Records to process:
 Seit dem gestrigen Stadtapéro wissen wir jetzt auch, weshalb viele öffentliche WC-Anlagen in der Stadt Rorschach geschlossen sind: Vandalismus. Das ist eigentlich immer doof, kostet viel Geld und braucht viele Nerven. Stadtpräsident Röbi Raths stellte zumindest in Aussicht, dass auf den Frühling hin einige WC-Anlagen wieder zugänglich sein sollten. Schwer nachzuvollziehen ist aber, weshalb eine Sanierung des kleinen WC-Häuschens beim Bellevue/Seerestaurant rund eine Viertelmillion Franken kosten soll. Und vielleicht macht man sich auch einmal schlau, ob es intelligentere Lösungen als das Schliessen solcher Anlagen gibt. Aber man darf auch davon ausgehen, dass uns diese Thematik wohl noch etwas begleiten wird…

==

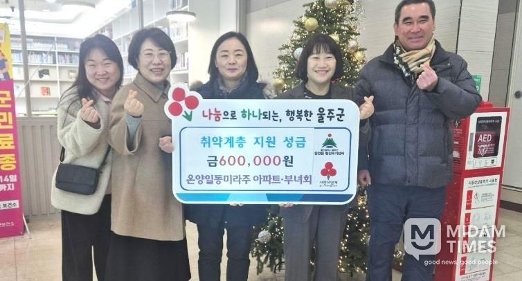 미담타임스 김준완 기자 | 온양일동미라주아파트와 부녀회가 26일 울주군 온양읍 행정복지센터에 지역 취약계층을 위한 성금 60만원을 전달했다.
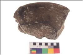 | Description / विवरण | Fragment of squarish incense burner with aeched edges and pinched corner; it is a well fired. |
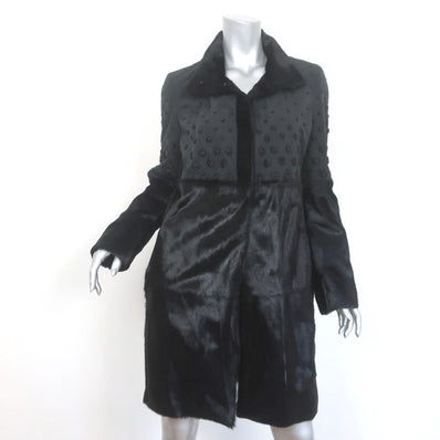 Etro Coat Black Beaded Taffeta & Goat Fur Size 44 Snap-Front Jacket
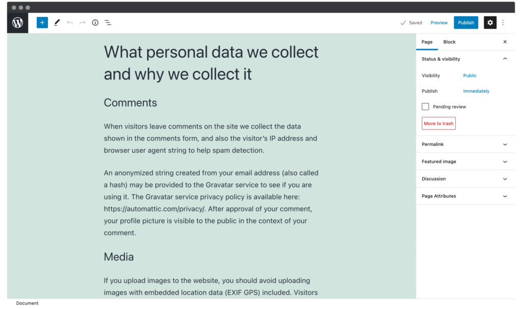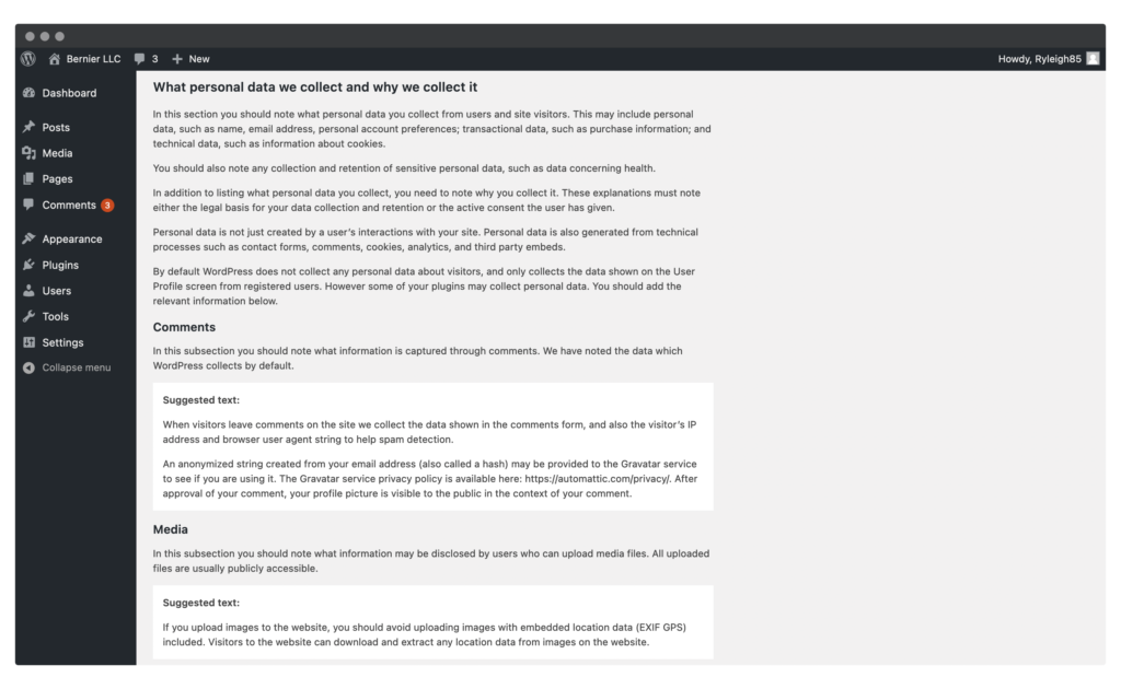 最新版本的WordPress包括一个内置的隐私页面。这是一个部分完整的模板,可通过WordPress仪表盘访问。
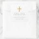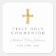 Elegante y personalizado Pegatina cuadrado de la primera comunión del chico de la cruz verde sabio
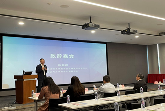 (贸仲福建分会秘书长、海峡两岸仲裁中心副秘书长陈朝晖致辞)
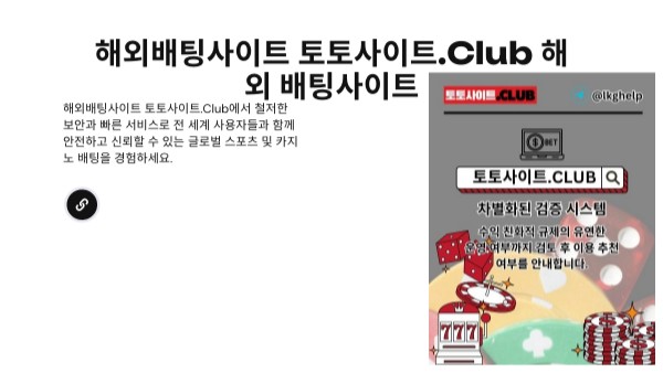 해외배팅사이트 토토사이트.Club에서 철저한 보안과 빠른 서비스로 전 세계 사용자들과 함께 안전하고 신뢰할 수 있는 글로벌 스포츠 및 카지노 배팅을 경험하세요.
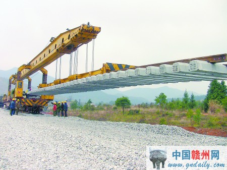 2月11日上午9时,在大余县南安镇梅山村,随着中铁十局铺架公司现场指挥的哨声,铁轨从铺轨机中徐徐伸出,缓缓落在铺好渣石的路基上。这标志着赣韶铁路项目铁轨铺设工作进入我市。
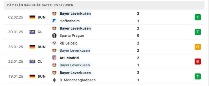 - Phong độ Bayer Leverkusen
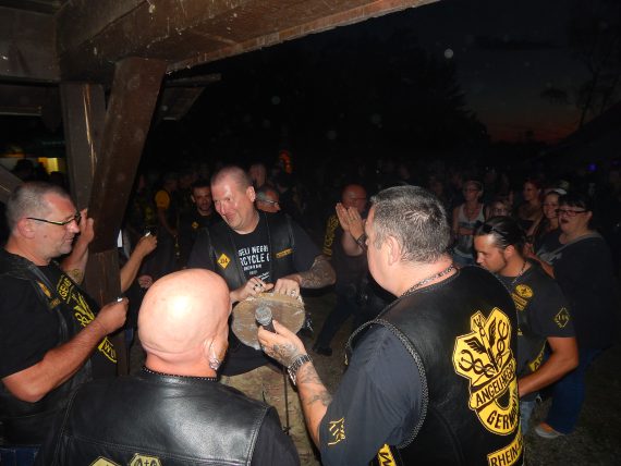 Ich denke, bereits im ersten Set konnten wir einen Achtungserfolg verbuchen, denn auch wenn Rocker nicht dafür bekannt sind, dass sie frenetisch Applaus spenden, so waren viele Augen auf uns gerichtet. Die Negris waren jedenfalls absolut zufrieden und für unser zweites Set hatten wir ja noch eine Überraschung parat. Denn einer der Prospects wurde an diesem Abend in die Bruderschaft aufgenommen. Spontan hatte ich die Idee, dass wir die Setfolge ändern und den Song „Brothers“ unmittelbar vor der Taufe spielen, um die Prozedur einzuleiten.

What is being asked:
From the records above, output only the lines starting at the one containing "Elegante y personalizado" and ending at the one containing "- Phong độ Bayer Leverkusen", word for word. Pictures stay out.

Result:
 Elegante y personalizado Pegatina cuadrado de la primera comunión del chico de la cruz verde sabio
 (贸仲福建分会秘书长、海峡两岸仲裁中心副秘书长陈朝晖致辞)
 해외배팅사이트 토토사이트.Club에서 철저한 보안과 빠른 서비스로 전 세계 사용자들과 함께 안전하고 신뢰할 수 있는 글로벌 스포츠 및 카지노 배팅을 경험하세요.
 2月11日上午9时,在大余县南安镇梅山村,随着中铁十局铺架公司现场指挥的哨声,铁轨从铺轨机中徐徐伸出,缓缓落在铺好渣石的路基上。这标志着赣韶铁路项目铁轨铺设工作进入我市。
 - Phong độ Bayer Leverkusen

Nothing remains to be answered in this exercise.